Harry Potter and the Methods of Rationality
Page 20
McGonagall looked quite struck. "That's an excellent idea, Mr. Potter. I shall inform the Ministry of it."
That's it, it's official now, they've ratified it in Parliament, everyone in the wizarding world is completely stupid.
"And while I hate to get all PHILOSOPHICAL," Harry desperately tried to lower his voice to something under a shriek, "has anyone thought about the IMPLICATIONS of going back six hours and doing something that changes time which would pretty much DELETE ALL THE PEOPLE AFFECTED and REPLACE THEM WITH DIFFERENT VERSIONS -"
"Oh, you can't change time!" Professor McGonagall interrupted. "Good heavens, Mr. Potter, do you think these would be allowed students if that was possible? What if someone tried to change their test scores?"
Harry took a moment to process this. His hands relaxed, just a little, from their white grip on the hourglass chain. Like he wasn't holding a time machine, just a live nuclear warhead.
"So..." Harry said slowly. "People just find that the universe... happens to be self-consistent, somehow, even though it has time-travel in it. If I and my future self interact then I'll see the same thing as both of me, even though, on my own first run through, my future self is already acting in full knowledge of things that, from my own perspective, haven't happened yet..." Harry's voice trailed off into the inadequacy of English.

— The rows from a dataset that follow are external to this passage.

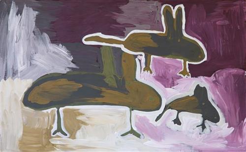 Most often explored in Doreen’s works are the motifs of her everyday modern Aboriginal community life; the animals hunted and plants gathered for bush tucker, the cars and aeroplanes used to travel to the cities and remote communities she regularly moves between, and depictions of the Country itself.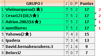 Deja un comentarioEn está página se irán publicando los resultados de las diferentes partidas, siendo ambos jugadores responsables de subirlos o de comprobar que ya hayan sido publicados insertando un COMENTARIO en la parte inferior de la pantalla (opción “Deja tu comentario”), indicando el nombre de los dos jugadores y los puntos obtenidos en la partida.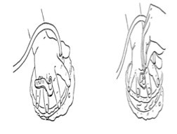 - Tagliare e rimuovere il filo di sutura che fissa il drenaggio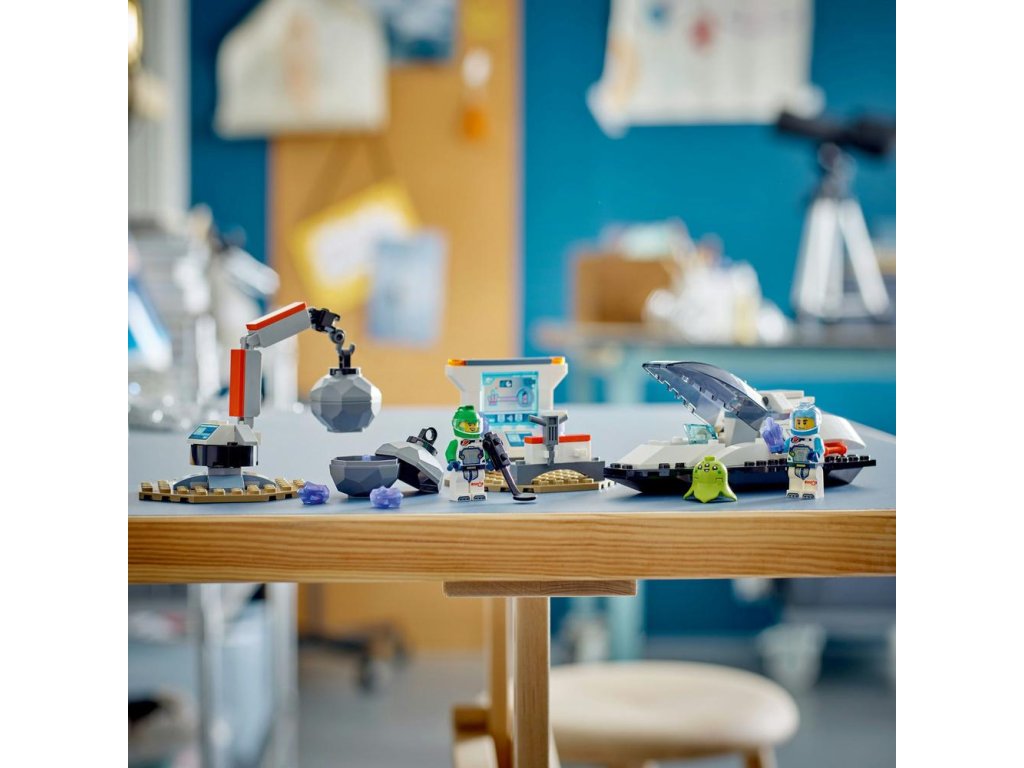 • Vesmírná loď, jeřáb, laborator, meteorit, 2 minifigurky a figurka mimozemšťana na hraní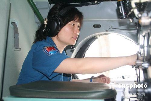 5月18日,中国空军运输航空兵某师七名女飞行员驾机升空直飞灾区,紧急空运物资。上午11时33分,由女飞行员宋雪飞、王亚平、陈宇、陈金兰、曹艳艳、王鸿、刘文力驾驶的7架飞机装满30多吨救灾物资先后昂首起飞,15时38分全部到达成都双流机场。图为女飞行员检查机载设备。中新社发 周建华 摄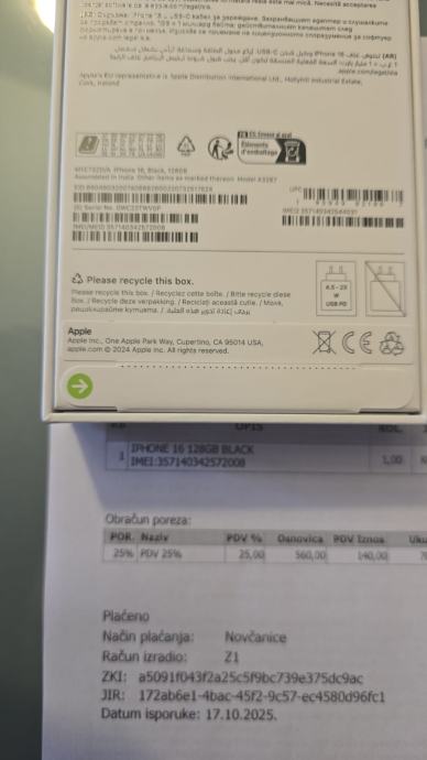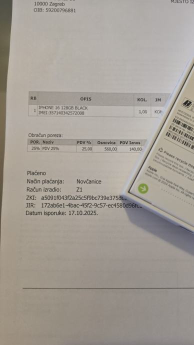 IPHONE 16 CRNI NOVO 128gb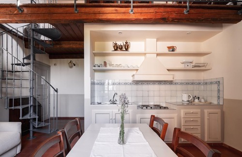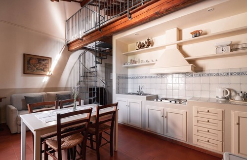 The Apollo apartment is located on the property Pignocco Country House. The studio is located on the first floor of the farmhouse and has a living room with sofa bed, TV, kitchen and private bathroom with shower. The master bedroom with iron bed batuto old and the closet are located in the loft, which can be accessed via a spiral staircase. The loft is located in an attic with hollow tiles exposed and romatico and suggestive.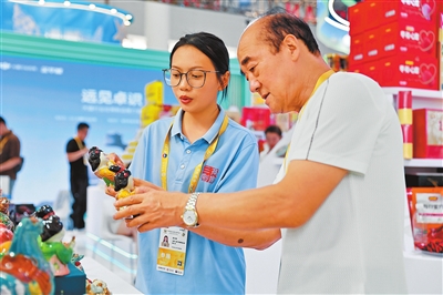 “彩色的钻石第一次见!”“你们这是游戏联名款吗?”……在河南馆入口处,消博会“新面孔”河南天璇半导体科技有限责任公司展台前簇拥着不少年轻消费者。“看到现场反应这么好,我们知道来对了。”该公司销售经理宋永波告诉记者,希望在消博会上找到更多创意合作伙伴,打造符合“Z世代”审美的潮流新品,深度链接年轻消费群体。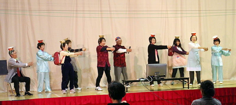快楽中国語講座の方々による『秘伝 ラーメン体操』・・とってもキャッチーなメロディーと工夫を凝らした衣装が観客の目を離しません。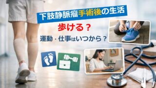 Q&A 【専門医監修】下肢静脈瘤手術後の生活|歩行・運動・仕事はいつから? 下肢静脈瘤手術後の生活について、歩いて帰れるか、運動や仕事はいつから可能かを専門医が解説。日帰り手術後の日常生活や注意点をわかりやすくまとめました。 2026.01.09 Q&A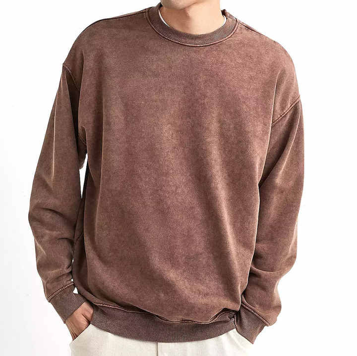 High Quality Vintage Cotton Crewneck Pullover Acid Wash Sweatshirts for Men 300 Grams OEM Service Digital Printing for Winter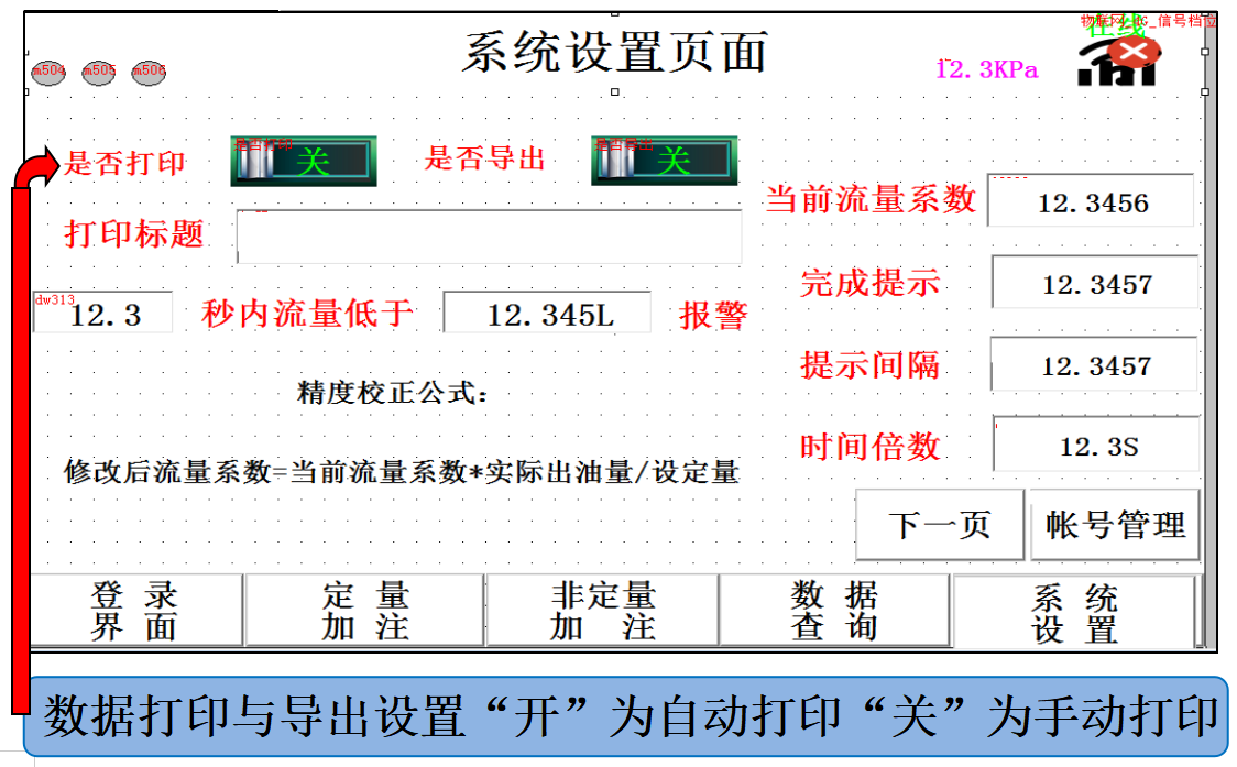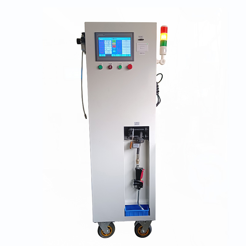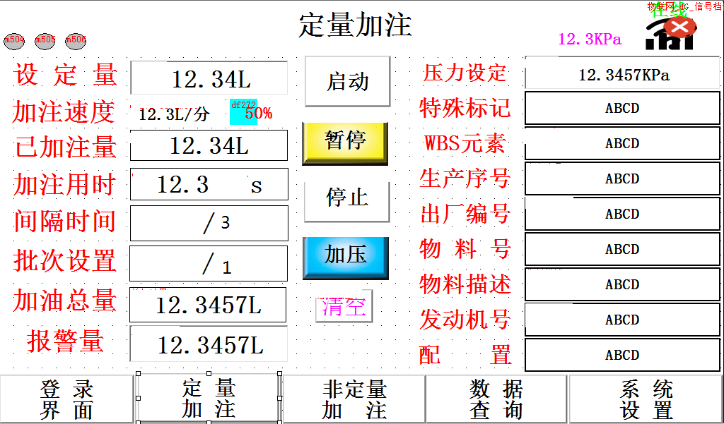 防冻液定量加注系统配置由定量注油系统,抽真空加注系统等构成,采用电气组合,PLC液晶操作显示屏,高精度流量计等装置对油品进行定量加注、输送等作业。适用于机械生产车间原装油或其他类似流体油料的定量加注作业。 技术参数: 220V电动溶济泵:1个 功率:550W 使用气源: 0-7 bar 界面压力预设:7bar 自动卷管器:长度10米 PLC定量控制界面:10寸液晶屏 设定范围:1-9999.9ML 注油精度:±1%; 普通加油枪:1个 智能遥控器:配套 接油盒: 配套 扫码枪:配套 抽吸油料:防冻液,抽真空加液转换装置; 控制界面: 液晶触摸操作显示屏,PLC定量控制操作简单方便 界面设定有:定量、非定量加注,系统设置,数据查询,导出,打印等功能; 采用重复性能稳定高精度流量计传感器,控制定量加注; 硬件选择可靠、稳定,性价比高,操作简便、界面友好; 开关阀感应敏捷、可靠性高,操作简单; 数字预设、修改、存储,导出,打印,扫描,压力预设,抽真空,网络连接等功能配置; 加注数值实时动态,数字液晶显示单次及累计加注量;数据输入保存,密码开锁,异常声光报警装置 抽取真空时旋转左侧开关,横向为送,竖向为开,对接好启动开关抽取至-0.6或-0.7时停止 可根据加注量要求设定启动加注,是生产定量加注提高工作效率的优选配置。 远距请选用智能遥控器,A为启动,B为停止

"Correct, I think," said Professor McGonagall. "Although wizards are advised to avoid being seen by their past selves. If you're attending two classes at the same time and you need to cross paths with yourself, for example, the first version of you should step aside and close his eyes at a known time - you have a watch already, good - so that the future you can pass. It's all there in the pamphlet."
"Ahahahaa. And what happens when someone ignores that advice?"
Professor McGonagall pursed her lips. "I understand that it can be quite disconcerting."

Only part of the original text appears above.